# Activity
Return only the lines of the data below from the line with "WORKOUT TOPS FOR" up to and including the line with "A 20th century", exactly as written, with the pictures omitted.
*** Opening of Exercise inputs ***
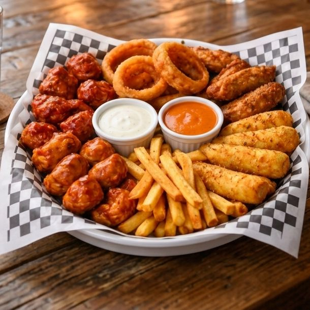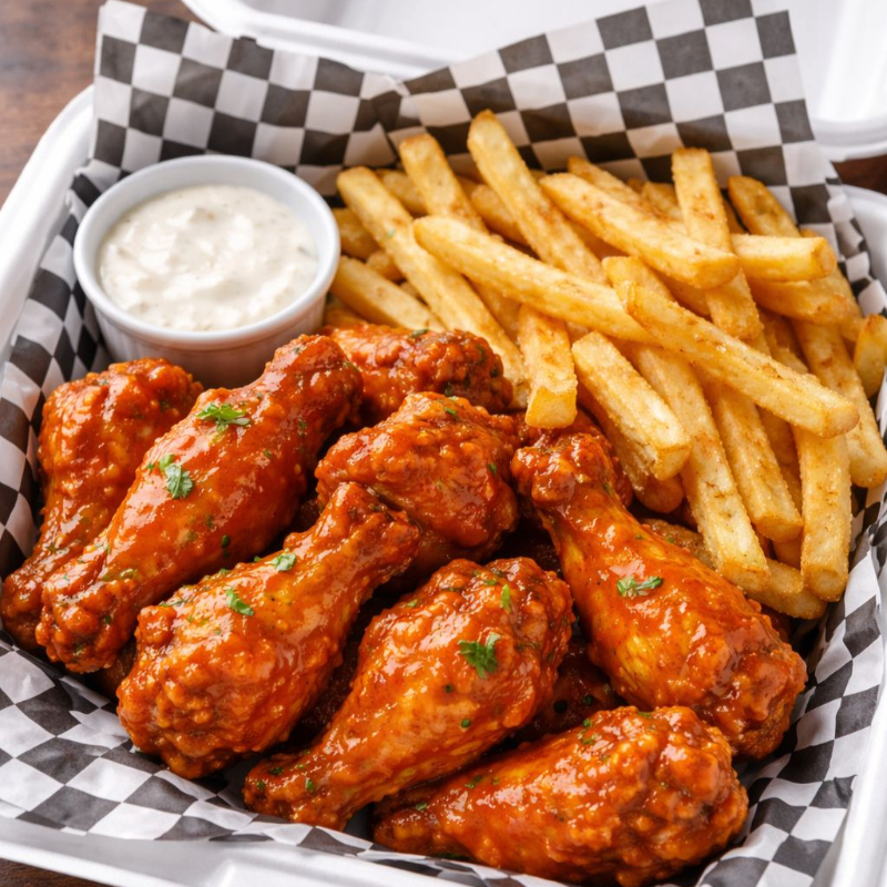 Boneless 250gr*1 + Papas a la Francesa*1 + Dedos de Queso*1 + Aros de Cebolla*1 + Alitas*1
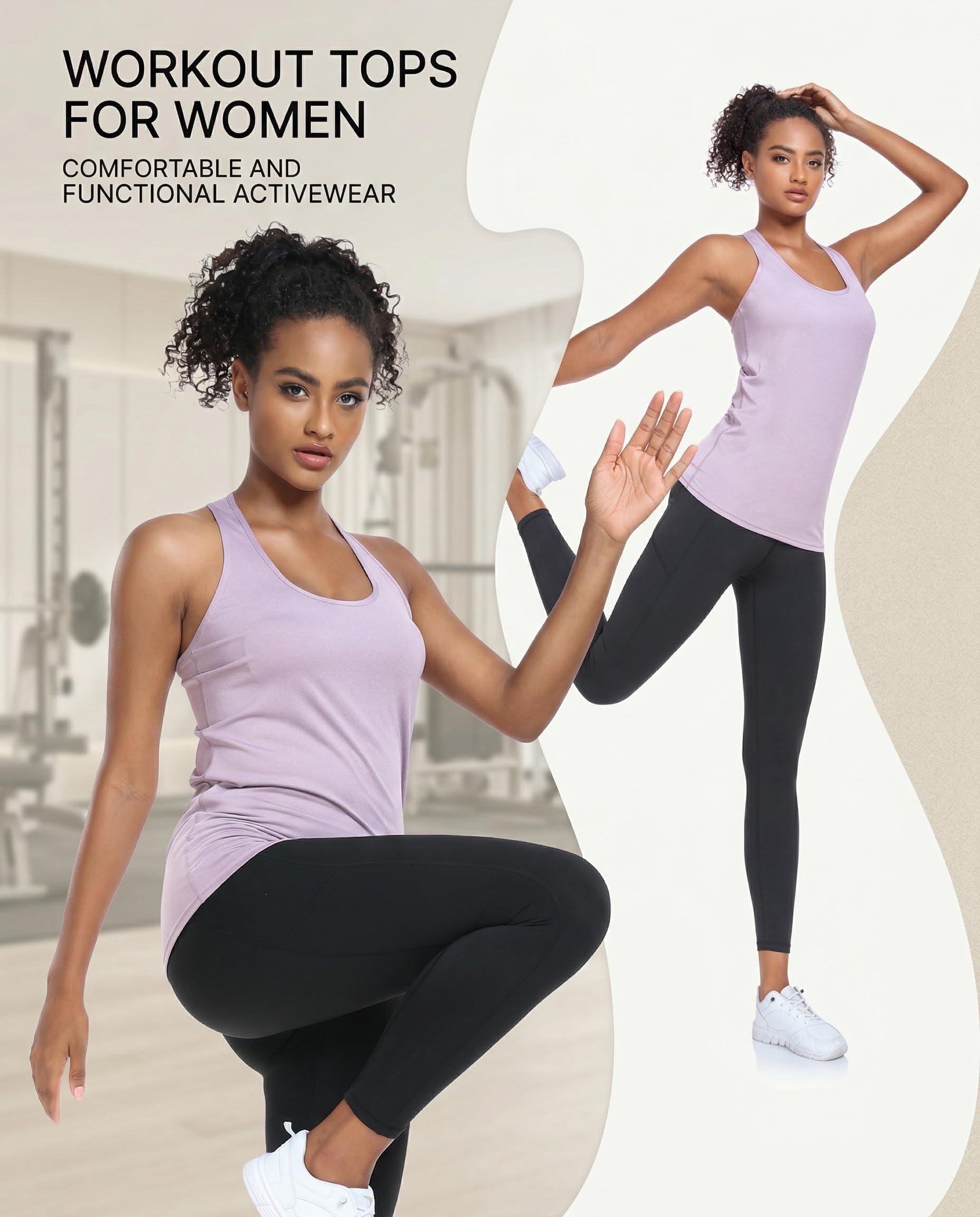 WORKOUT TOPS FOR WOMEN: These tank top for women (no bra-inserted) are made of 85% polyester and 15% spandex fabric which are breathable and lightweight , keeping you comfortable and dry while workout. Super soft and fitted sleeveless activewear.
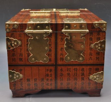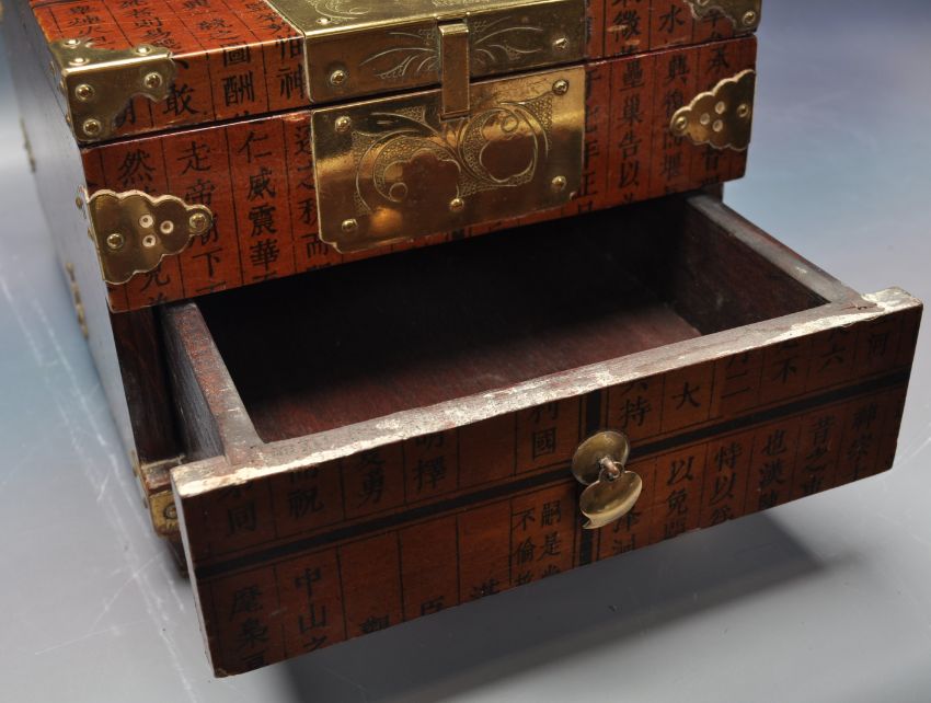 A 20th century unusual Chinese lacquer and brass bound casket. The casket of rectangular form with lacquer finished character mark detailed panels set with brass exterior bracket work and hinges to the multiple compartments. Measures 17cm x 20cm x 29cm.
*** Close of Exercise inputs ***
*** Opening of Exercise inputs ***
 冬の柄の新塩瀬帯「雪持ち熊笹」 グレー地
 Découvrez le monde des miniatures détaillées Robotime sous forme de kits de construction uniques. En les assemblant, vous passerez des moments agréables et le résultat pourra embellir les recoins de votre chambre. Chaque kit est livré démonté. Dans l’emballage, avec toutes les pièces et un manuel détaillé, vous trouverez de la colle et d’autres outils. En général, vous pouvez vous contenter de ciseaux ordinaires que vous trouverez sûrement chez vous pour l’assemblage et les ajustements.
*** Close of Exercise inputs ***
# Answer for the task
 WORKOUT TOPS FOR WOMEN: These tank top for women (no bra-inserted) are made of 85% polyester and 15% spandex fabric which are breathable and lightweight , keeping you comfortable and dry while workout. Super soft and fitted sleeveless activewear.
 A 20th century unusual Chinese lacquer and brass bound casket. The casket of rectangular form with lacquer finished character mark detailed panels set with brass exterior bracket work and hinges to the multiple compartments. Measures 17cm x 20cm x 29cm.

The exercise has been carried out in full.